### DATASET CONTENT

Segment Open

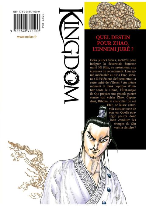 Quel destin pour Zhao, l'ennemi juré ? Deux jeunes frères, motivés pour intégrer la désormais fameuse unité Hi Shin, se présentent aux épreuves de recrutement. Leur génie indéniable au tir à l'arc, servira-t-il d'élément-clef permettant à cette unité de s'élever ? Au même moment et dans l'optique d'unifier toute la Chine, l'Etat-major de Qin prépare une grande guerre contre son voisin Zhao. Cependant, Riboku, le chancelier de cet état, ne laisse entrevoir aucune carte de son jeu. Quelle stratégie pourra donc bien conduire les troupes de Qin vers la victoire ?
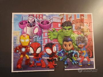 Puzzle and Game 4in1 Spidey, contiene 2 puzzle, un memori e 6 cubi. Adatto a 3anni +. Ad un puzzle manca una tessera. Possibilità di consegna anche a mano zona Carvico o comuni limitrofi oppure Stezzano ( x Stezzano solo giorni lavorativi feriali).
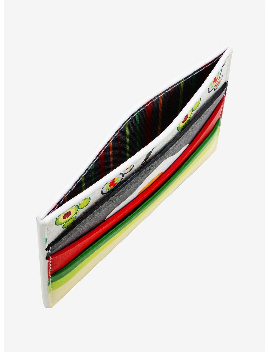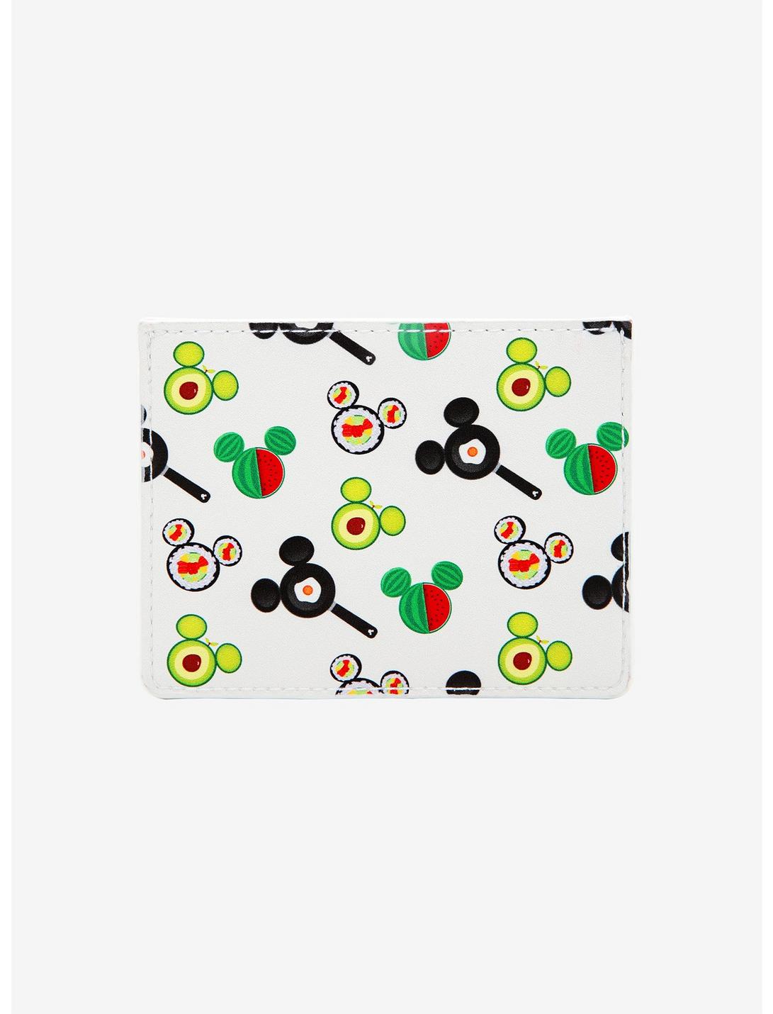 The card holder gives us the best of both worlds! Includes 4 card slots and an allover design featuring Mickey-shaped egg skillets, sushi, avocados, and watermelon.

Segment Closed

### EXERCISE DESCRIPTION
Restate the data word for word from its first line through the line with "Puzzle and Game", leaving out any picture along the way.

### TASK ANSWER
 Quel destin pour Zhao, l'ennemi juré ? Deux jeunes frères, motivés pour intégrer la désormais fameuse unité Hi Shin, se présentent aux épreuves de recrutement. Leur génie indéniable au tir à l'arc, servira-t-il d'élément-clef permettant à cette unité de s'élever ? Au même moment et dans l'optique d'unifier toute la Chine, l'Etat-major de Qin prépare une grande guerre contre son voisin Zhao. Cependant, Riboku, le chancelier de cet état, ne laisse entrevoir aucune carte de son jeu. Quelle stratégie pourra donc bien conduire les troupes de Qin vers la victoire ?
 Puzzle and Game 4in1 Spidey, contiene 2 puzzle, un memori e 6 cubi. Adatto a 3anni +. Ad un puzzle manca una tessera. Possibilità di consegna anche a mano zona Carvico o comuni limitrofi oppure Stezzano ( x Stezzano solo giorni lavorativi feriali).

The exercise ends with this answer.